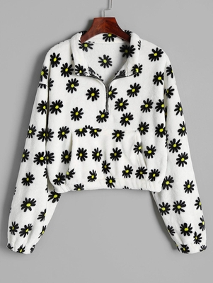 Material: Cotton, Polyester Material Stretch: No Stretch Fit Type: Loose Pattern Style: Daisy Decoration: Front Pocket Seasons: Winter Weight: 0.4100kg Package: 1 x Sweatshirt
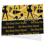 This design is a fun combo with a bright yellow and black. The two colors are a great contrast to one another. The top half of the design has a cheerleader sillhouette as well as words like "cheerleader" and "victory." The bottom half has a background that says eat, sleep, cheer, repeat. Your personalization goes right in between these two backgrounds right in the middle.
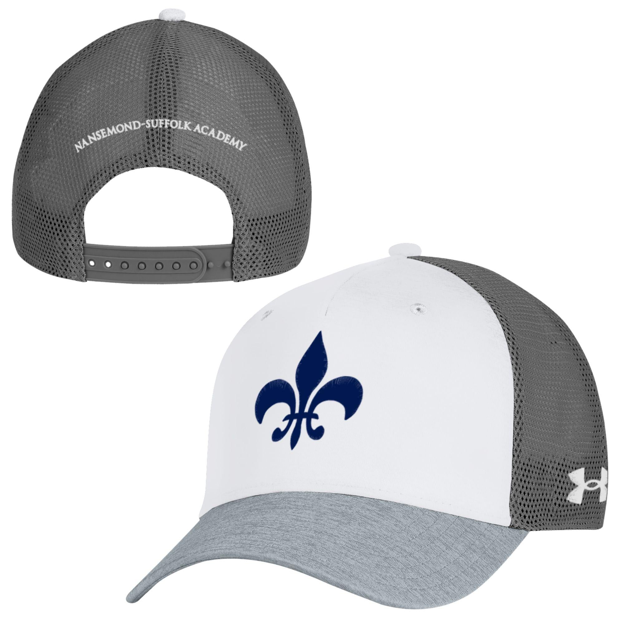 Under Armour unisex twist armour 3.0 trucker snapback hat in white and gray with raised navy fleur de lis embroidery
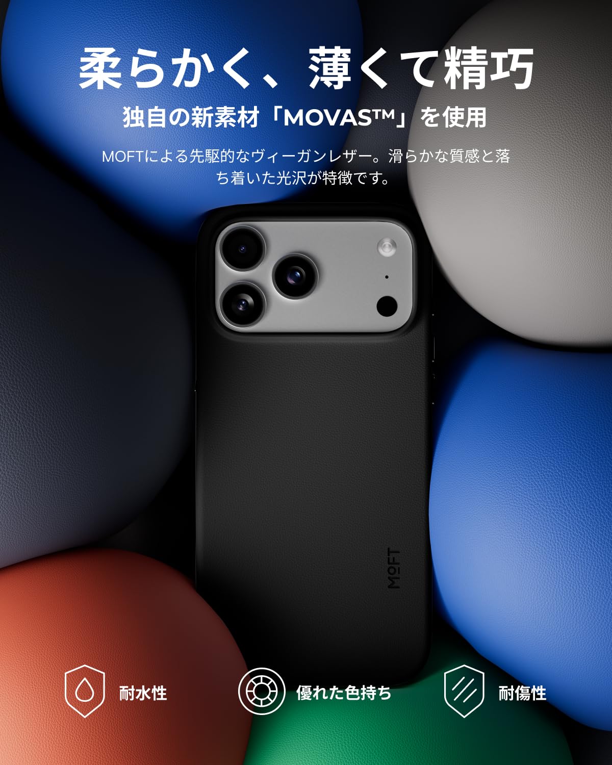* 【MOVASの美しさ・柔らかな手触り】MOFT独自開発の「MOVAS」ヴィーガンレザーは、環境に優しい最新技術を採用し、肌になじむ柔らかな質感や究極の握り心地を満喫できます。 この素材は軽量で持ち運びやすく、美しさが長持ちし、長時間に使用しても上品な光沢を保ちます。ジーンズのポケットに入れても、鍵やカードキーなどと一緒に持ち歩いても、傷がつきにくいです。MOVASレザーケースは実用的なケースであるだけでなく、機能性を保ちながらiPhoneに洗練された感覚を加えるファッションのアイテムでもあります。m
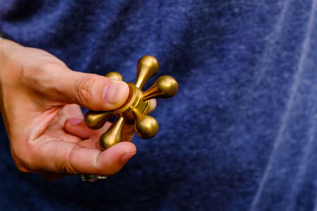 closeup of a young caucasian man playing with a brass fidget spinner.
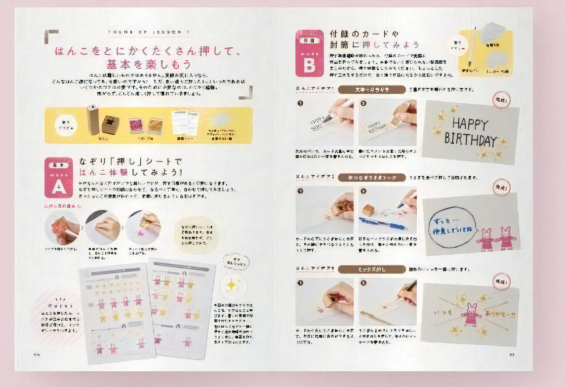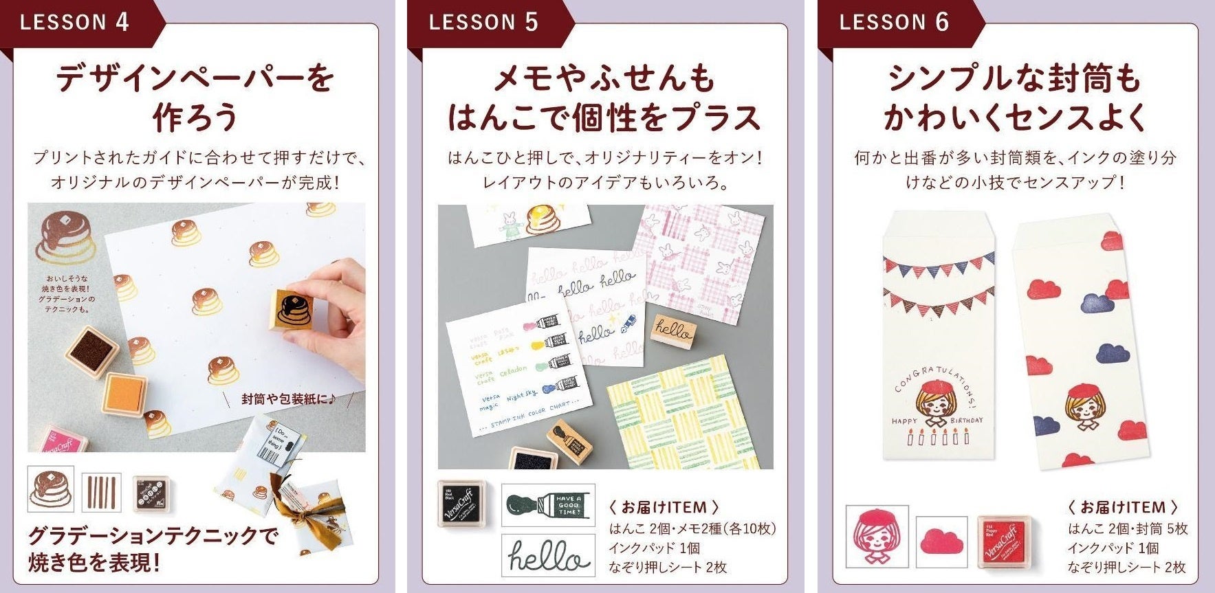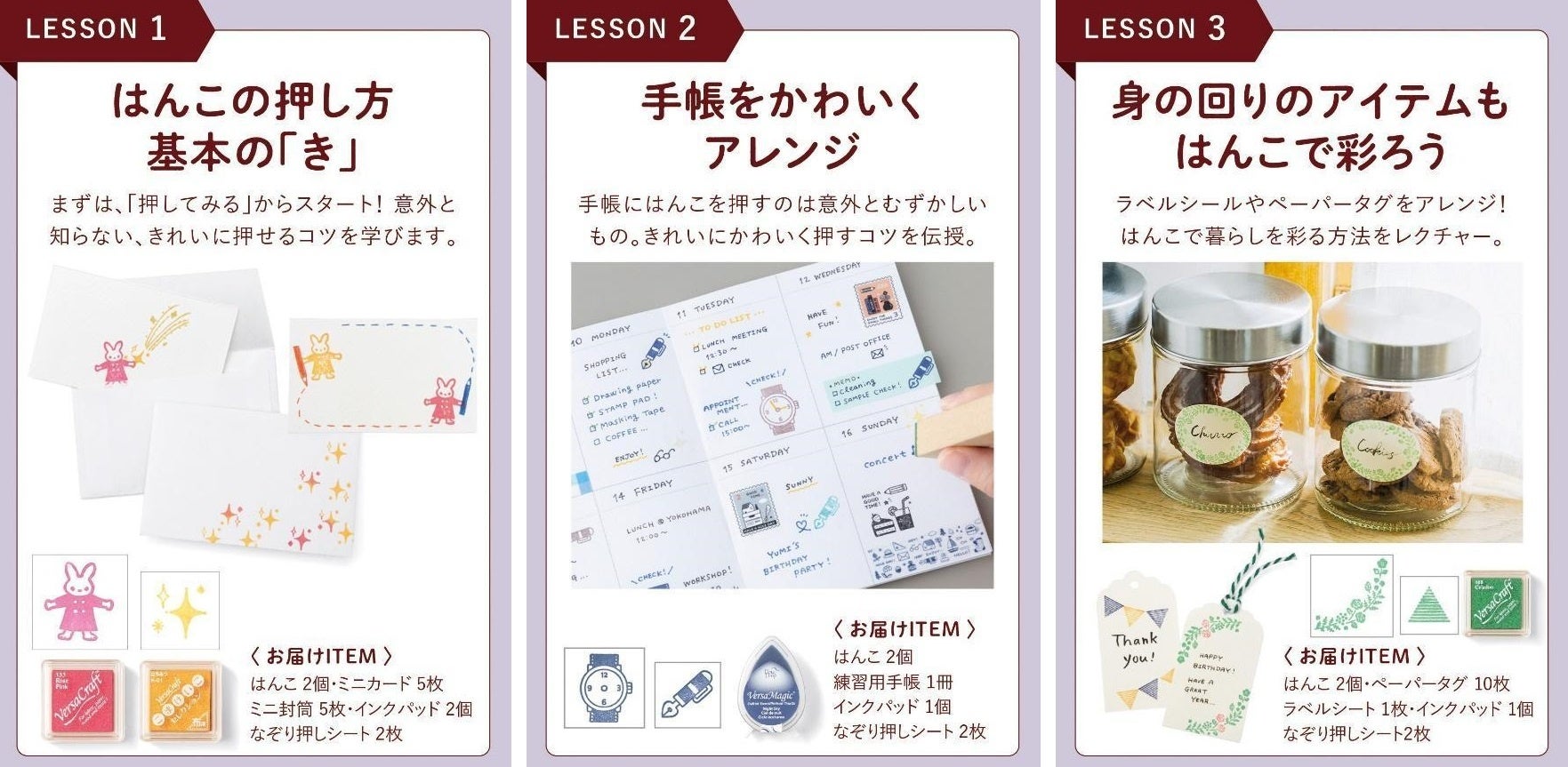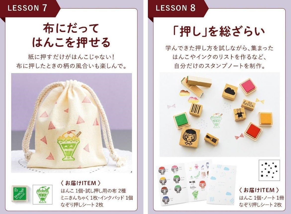 テキストでは、日常生活でのはんこの活用法が紹介されていて、毎月、はんこの新しい魅力や楽しみ方に出会えます。写真と解説でわかりやすくレクチャーしているので、レッスンを進めていくうちに自分のライフスタイルにあわせた楽しみ方もできるようになります。
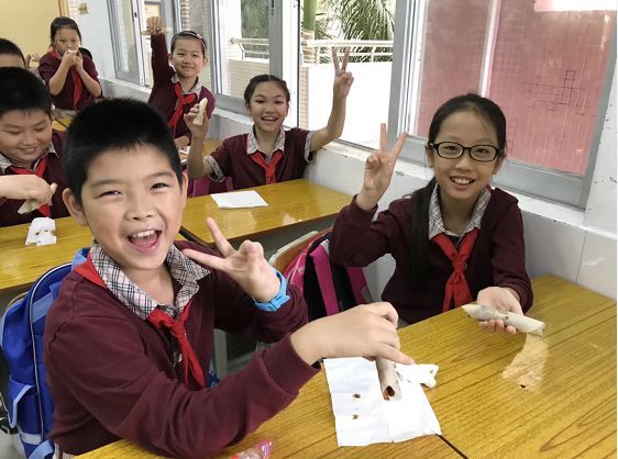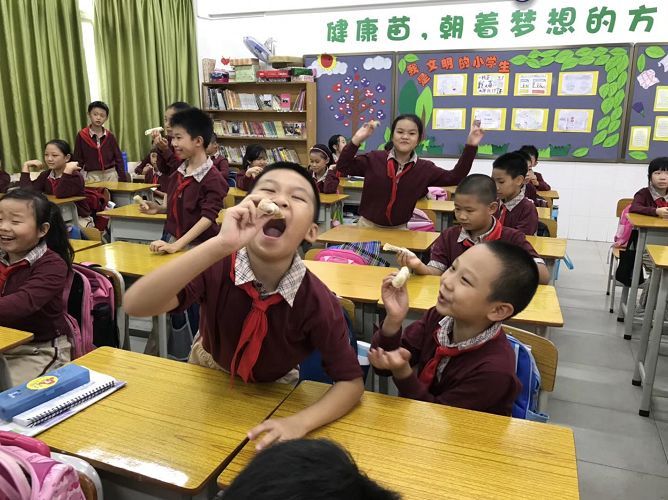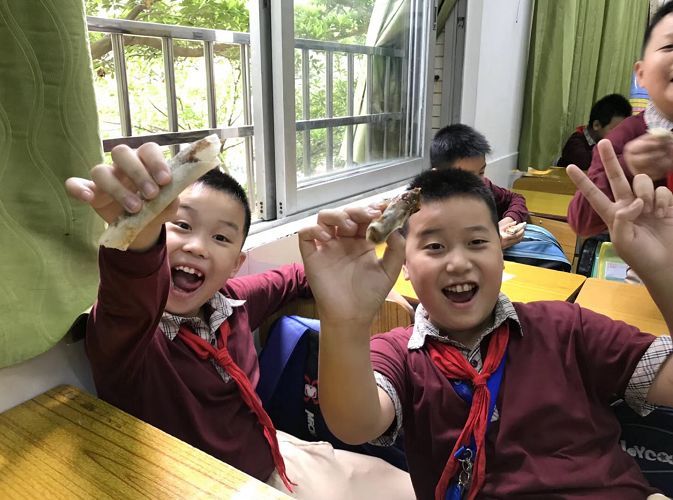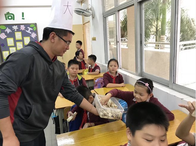 这可是一只有故事的烤鸭,梁老师制作了一顶写着“大厨”的帽子,为同学们片烤鸭。让南方的孩子们对这种来自北方的美食念念不忘~
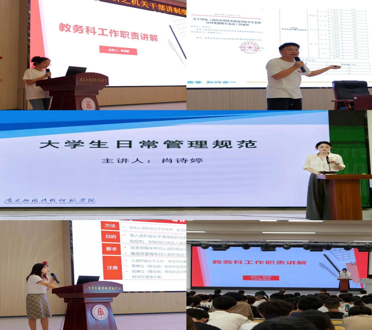 学工科肖诗婷解读了校纪校规、安全教育、奖助贷勤政策等,介绍了学院管理模式与心理健康教育工作,全方位指导新生适应大学生活;教务科潘洪雪详细讲解了从入学报到至毕业全过程的学业安排,指导新生转变学习方式、适应大学教学模式;院团委龙少帅展示了涵盖思想政治、学科竞赛、志愿公益等领域的社团活动,号召新生积极参与,丰富校园生活;组织员程明珠通过清晰的图示,分步拆解从申请入党到成为正式党员的流程,鼓励同学们积极向党组织靠拢。
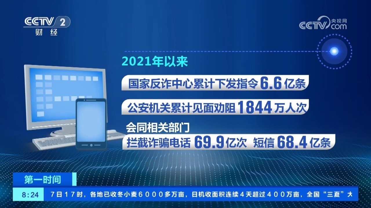 公安機(jī)關(guān)持續(xù)推進(jìn)預(yù)警勸阻和技術(shù)反制工作。2021年以來,國家反詐中心累計(jì)下發(fā)指令6.6億條,公安機(jī)關(guān)累計(jì)見面勸阻1844萬人次,會同相關(guān)部門攔截詐騙電話69.9億次、短信68.4億條,處置涉案域名網(wǎng)址1800萬個(gè),緊急攔截涉案資金1.1萬億元。
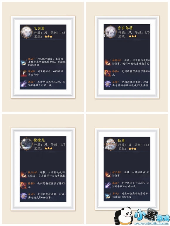 雪衣神将:妖典合成,前期副本PK必备肉盾,嘲讽反伤在前期能力突出,缺点,输出低,嘲讽也是第二回合才释放,过渡妖灵。
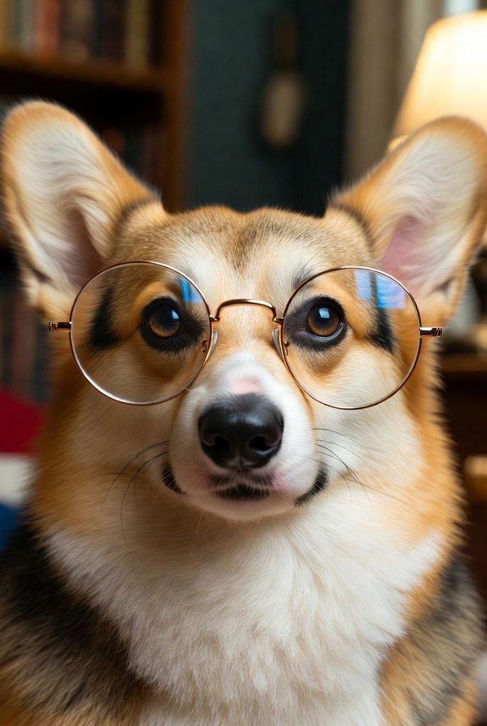 With their low stature and big personalities, Corgis in wire-rimmed spectacles are a comedic masterpiece. The glasses often look just a bit too large for their faces, giving them the appearance of a dedicated history professor who has spent a bit too much time in the archives. Their bright, intelligent eyes shine through the lenses, making it look as though they are mid-lecture on the importance of the treat-to-nap ratio. It is a studious and adorable look that perfectly matches the breed’s reputation for being both smart and a little bit bossy.

-.-.-

- ASSIGNMENT
Carry over each record above character for character, with the pictures left out.

- RESULT BELOW
 Material: Cotton, Polyester Material Stretch: No Stretch Fit Type: Loose Pattern Style: Daisy Decoration: Front Pocket Seasons: Winter Weight: 0.4100kg Package: 1 x Sweatshirt
 This design is a fun combo with a bright yellow and black. The two colors are a great contrast to one another. The top half of the design has a cheerleader sillhouette as well as words like "cheerleader" and "victory." The bottom half has a background that says eat, sleep, cheer, repeat. Your personalization goes right in between these two backgrounds right in the middle.
 Under Armour unisex twist armour 3.0 trucker snapback hat in white and gray with raised navy fleur de lis embroidery
* 【MOVASの美しさ・柔らかな手触り】MOFT独自開発の「MOVAS」ヴィーガンレザーは、環境に優しい最新技術を採用し、肌になじむ柔らかな質感や究極の握り心地を満喫できます。 この素材は軽量で持ち運びやすく、美しさが長持ちし、長時間に使用しても上品な光沢を保ちます。ジーンズのポケットに入れても、鍵やカードキーなどと一緒に持ち歩いても、傷がつきにくいです。MOVASレザーケースは実用的なケースであるだけでなく、機能性を保ちながらiPhoneに洗練された感覚を加えるファッションのアイテムでもあります。m
 closeup of a young caucasian man playing with a brass fidget spinner.
 テキストでは、日常生活でのはんこの活用法が紹介されていて、毎月、はんこの新しい魅力や楽しみ方に出会えます。写真と解説でわかりやすくレクチャーしているので、レッスンを進めていくうちに自分のライフスタイルにあわせた楽しみ方もできるようになります。
 这可是一只有故事的烤鸭,梁老师制作了一顶写着“大厨”的帽子,为同学们片烤鸭。让南方的孩子们对这种来自北方的美食念念不忘~
 学工科肖诗婷解读了校纪校规、安全教育、奖助贷勤政策等,介绍了学院管理模式与心理健康教育工作,全方位指导新生适应大学生活;教务科潘洪雪详细讲解了从入学报到至毕业全过程的学业安排,指导新生转变学习方式、适应大学教学模式;院团委龙少帅展示了涵盖思想政治、学科竞赛、志愿公益等领域的社团活动,号召新生积极参与,丰富校园生活;组织员程明珠通过清晰的图示,分步拆解从申请入党到成为正式党员的流程,鼓励同学们积极向党组织靠拢。
 公安機(jī)關(guān)持續(xù)推進(jìn)預(yù)警勸阻和技術(shù)反制工作。2021年以來,國家反詐中心累計(jì)下發(fā)指令6.6億條,公安機(jī)關(guān)累計(jì)見面勸阻1844萬人次,會同相關(guān)部門攔截詐騙電話69.9億次、短信68.4億條,處置涉案域名網(wǎng)址1800萬個(gè),緊急攔截涉案資金1.1萬億元。
 雪衣神将:妖典合成,前期副本PK必备肉盾,嘲讽反伤在前期能力突出,缺点,输出低,嘲讽也是第二回合才释放,过渡妖灵。
 With their low stature and big personalities, Corgis in wire-rimmed spectacles are a comedic masterpiece. The glasses often look just a bit too large for their faces, giving them the appearance of a dedicated history professor who has spent a bit too much time in the archives. Their bright, intelligent eyes shine through the lenses, making it look as though they are mid-lecture on the importance of the treat-to-nap ratio. It is a studious and adorable look that perfectly matches the breed’s reputation for being both smart and a little bit bossy.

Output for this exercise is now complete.